Cuproptosis, a novel copper-induced cell death pathway, is linked to mitochondrial respiration and mediated by protein lipoylation. The discovery of cuproptosis unfolds new areas of investigation, particularly in cancers. The present study aimed to explore the role of cuproptosis in colorectal cancer progression. The genetic alterations of cuproptosis in colon cancer were evaluated using a database. MTT assays, colony formation, and flow cytometry were used to examine the effect of elesclomol-Cu and 4-Octyl itaconate (4-OI) on colorectal cancer cell and oxaliplatin-resistant cell viability. The anti-tumor effect of elesclomol with 4-OI was verified in vivo assay. The results showed that FDX1, SDHB, DLAT, and DLST genes were more highly expressed in normal tissues than those in primary tumor tissues. Patients with high expressions of these genes in tumor tissues had a better prognosis. Using MTT assay and colony formation analysis, elesclomol-Cu pulse treatment showed significant inhibition of cell viability in HCT116, LoVo, and HCT116-R cells. In addition, flow cytometry revealed elesclomol-Cu significantly promoted apoptosis. Tetrathiomolybdate, a copper chelator, markedly inhibited cuproptosis. Subsequently, we found 2-deoxy-D-glucose, a glucose metabolism inhibitor, sensitized cuproptosis. Furthermore, galactose further promoted cuproptosis. Interestingly, 4-OI significantly enhanced cuproptosis which was irrelevant to ROS production, apoptosis, necroptosis, or pyroptosis pathways. Aerobic glycolysis was inhibited by 4-OI through GAPDH, one of the key enzymes of glycolysis, sensitizing cuproptosis. Meanwhile, FDX1 knockdown weakened the ability of 4-OI to promote cuproptosis. In vivo experiments, 4-OI with elesclomol-Cu showed better anti-tumor effects. These results indicated that elesclomol-Cu rapidly halted cell growth in colorectal cancer cells and oxaliplatin-resistant cell line. Importantly, we revealed that 4-OI inhibited aerobic glycolysis by targeting GAPDH to promote cuproptosis.

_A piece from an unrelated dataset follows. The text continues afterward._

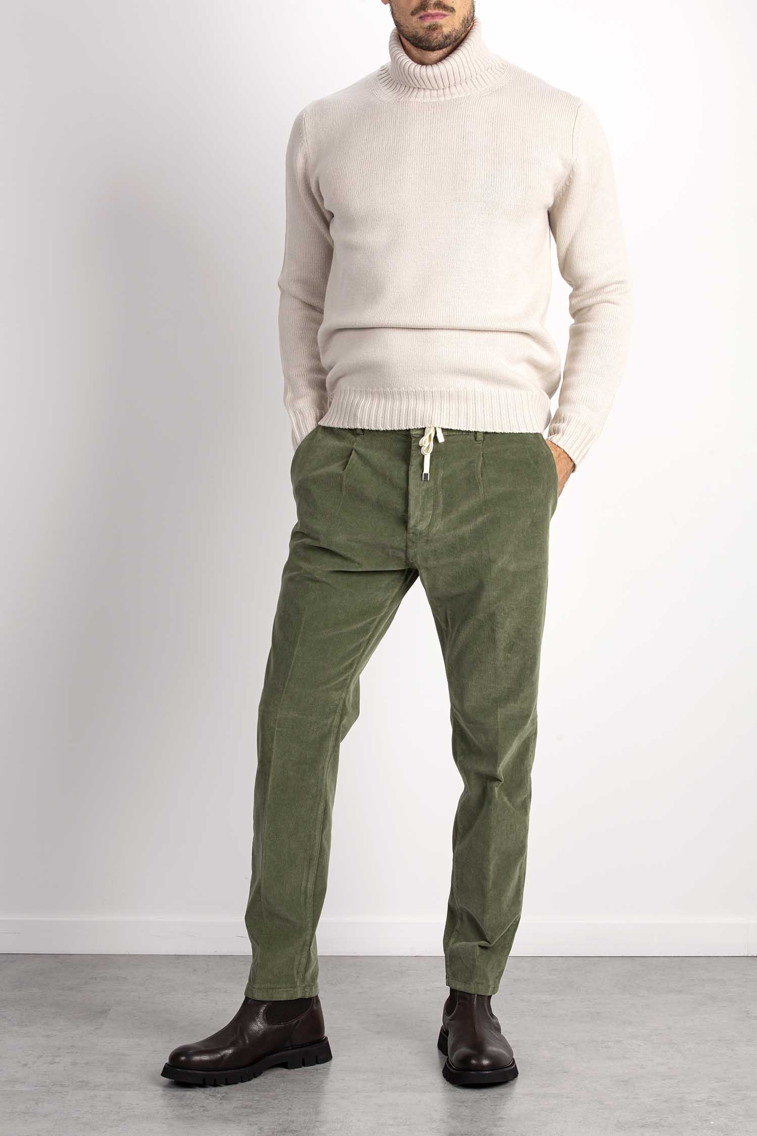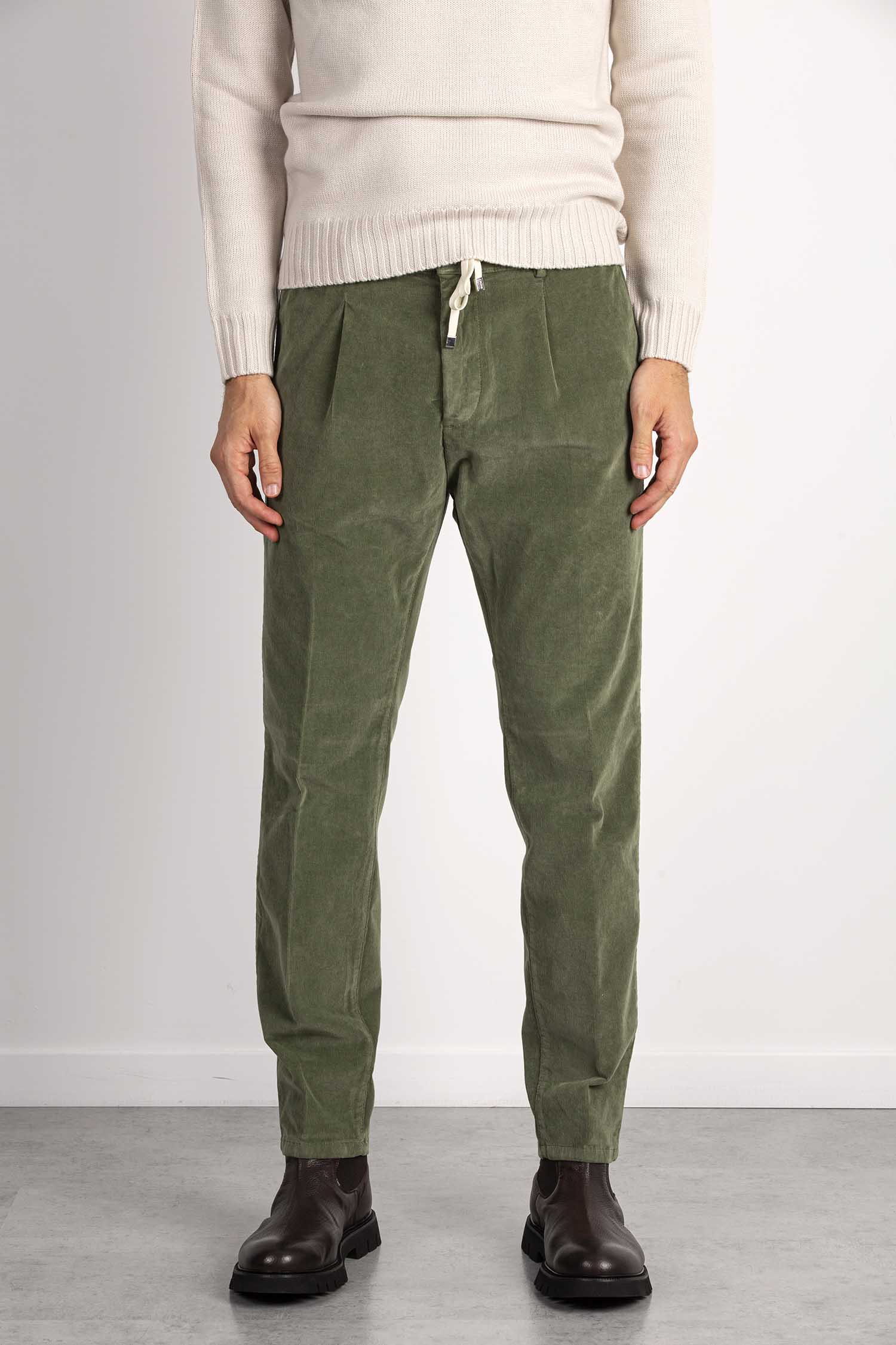 Pantalone tapered fit con elastico e coulisse in velluto a coste.

Cuproptosis 是一种新型的铜诱导细胞死亡途径，与线粒体呼吸有关，并由蛋白质脂肪化介导。铜下垂的发现开启了新的研究领域，尤其是在癌症领域。本研究旨在探讨铜质下垂在结直肠癌进展中的作用。使用数据库评估了结肠癌中 cuproptosis 的遗传改变。MTT 测定、集落形成和流式细胞术用于检测艾司氯醇-铜和衣康酸 4-辛酯 (4-OI) 对结直肠癌细胞和奥沙利铂耐药细胞活力的影响。体内试验验证了 elesclomol 与 4-OI 的抗肿瘤作用。结果显示，FDX1、SDHB、DLAT、DLST基因在正常组织中的表达高于原发性肿瘤组织。这些基因在肿瘤组织中高表达的患者预后较好。使用 MTT 测定和集落形成分析，elesclomol-Cu 脉冲处理显着抑制 HCT116、LoVo 和 HCT116-R 细胞的细胞活力。此外，流式细胞术显示 elesclomol-Cu 显着促进细胞凋亡。Tetrathiomolybdate 是一种铜螯合剂，可显着抑制铜下垂。随后，我们发现 2-脱氧-D-葡萄糖，一种葡萄糖代谢抑制剂，可引起铜细胞凋亡。此外，半乳糖进一步促进了铜下垂。有趣的是，4-OI 显着增强了与 ROS 产生、细胞凋亡、坏死性凋亡或细胞焦亡途径无关的铜凋亡。有氧糖酵解被 4-OI 通过 GAPDH 抑制，GAPDH 是糖酵解的关键酶之一，使铜细胞凋亡敏感。同时，FDX1 敲低削弱了 4-OI 促进铜下垂的能力。在体内实验中，4-OI 与 elesclomol-Cu 显示出更好的抗肿瘤作用。这些结果表明，elesclomol-Cu 可迅速阻止结直肠癌细胞和奥沙利铂耐药细胞系中的细胞生长。重要的是，我们发现 4-OI 通过靶向 GAPDH 来促进铜凋亡来抑制有氧糖酵解。